• Records shown:
☆ ☆ ☆ ☆ ☆ ☆ ☆

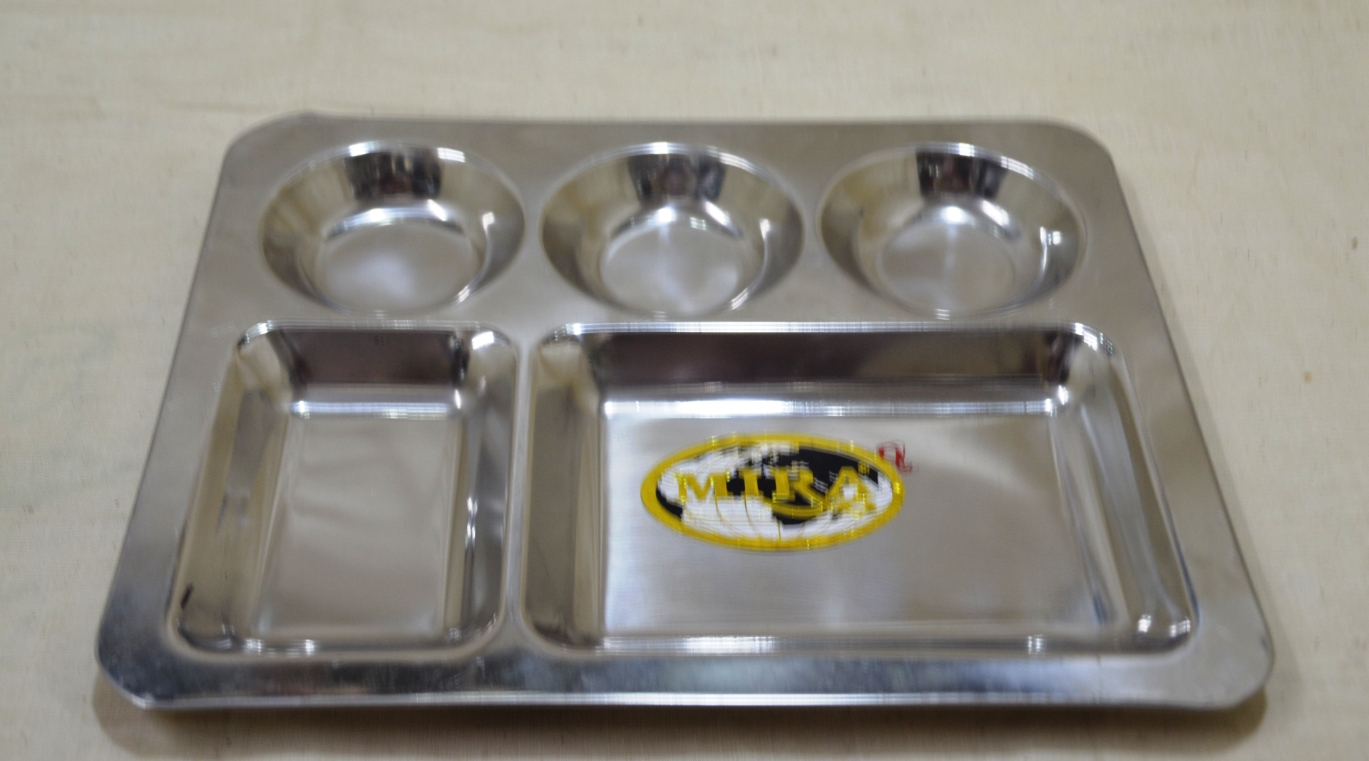 Mira Steels offers a premium 5-compartment stainless steel round vati thali for hygienic and stylish meal serving.
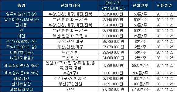 11월 24일 조달청 비철금속 비축물자 방출가격
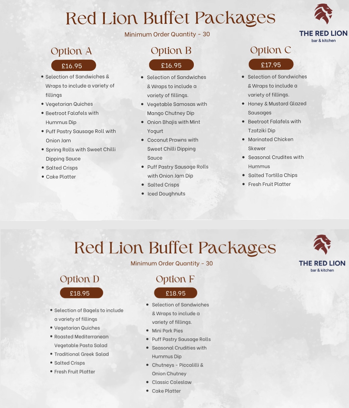 Here at the Red Lion we offer five different finger buffets perfect for private functions. Please see our buffet options on the link below.
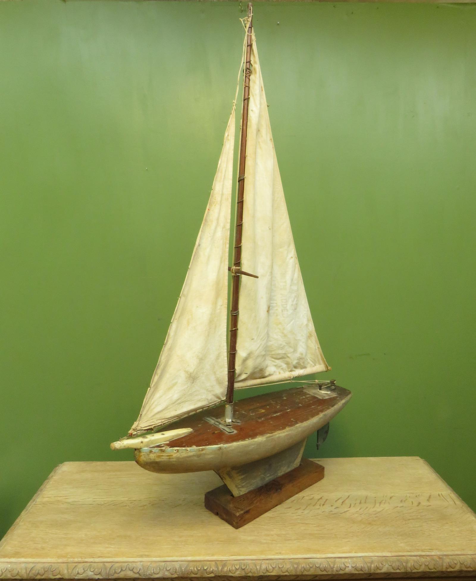 Large Vintage Scratch Built Pond Yacht with Chicken Feed Sack Sail
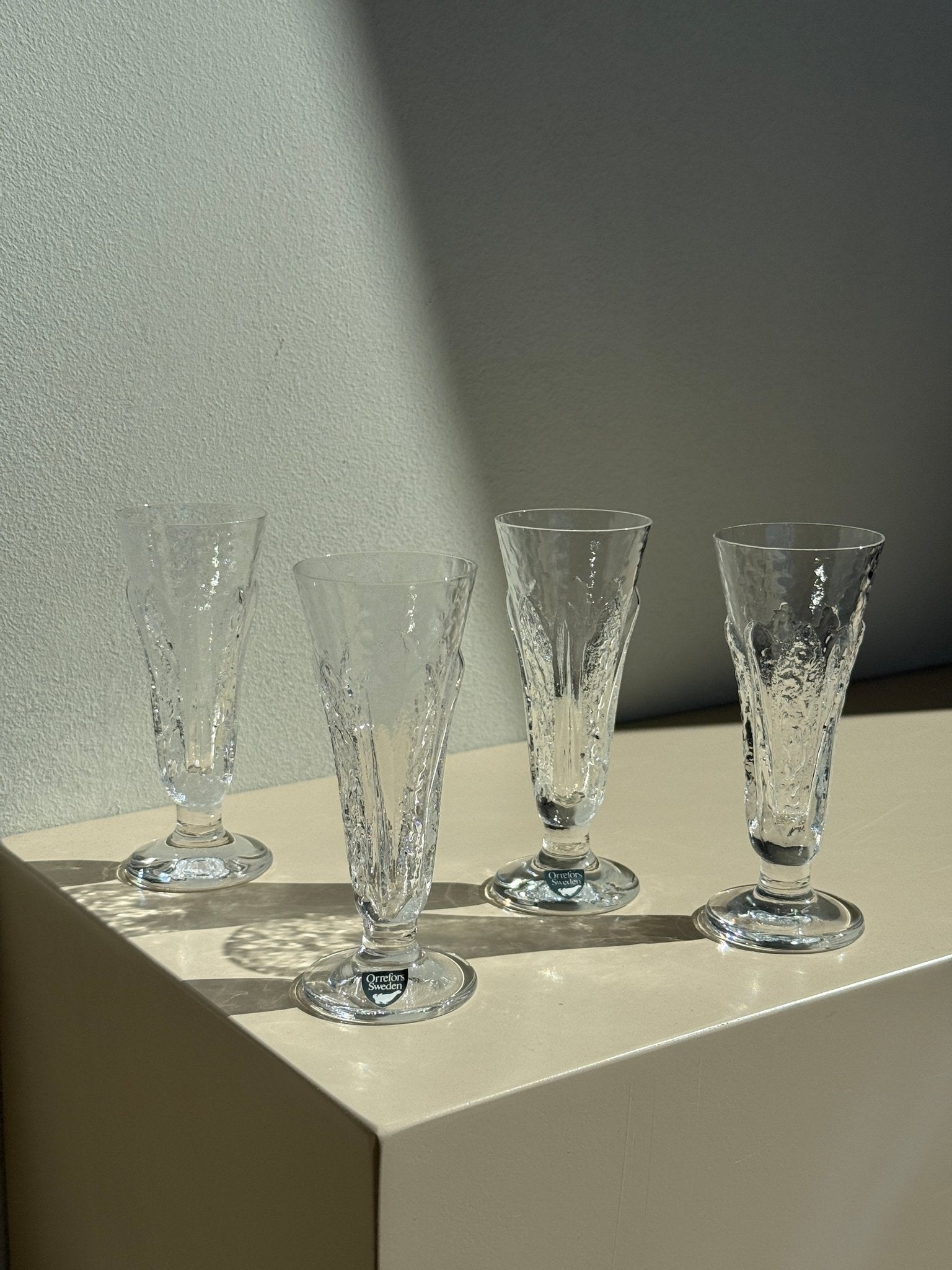 Sæt med fire smukke vintage snapsglas fra svenske Orrefors, designet af Lars Hellsten i serien Eden. Glassene har en organisk struktur, der giver en skulpturel, næsten frostsprængt overflade med masser af karakter. Formen er let tulipanformet med en solid fod, der giver et elegant og balanceret udtryk.

☆ ☆ ☆ ☆ ☆ ☆ ☆

• Task: Transcribe the lines above exactly, beginning at the one with "Here at the" and ending at the one with "Large Vintage Scratch". Include both; exclude the pictures.

• Task result:
 Here at the Red Lion we offer five different finger buffets perfect for private functions. Please see our buffet options on the link below.
 Large Vintage Scratch Built Pond Yacht with Chicken Feed Sack Sail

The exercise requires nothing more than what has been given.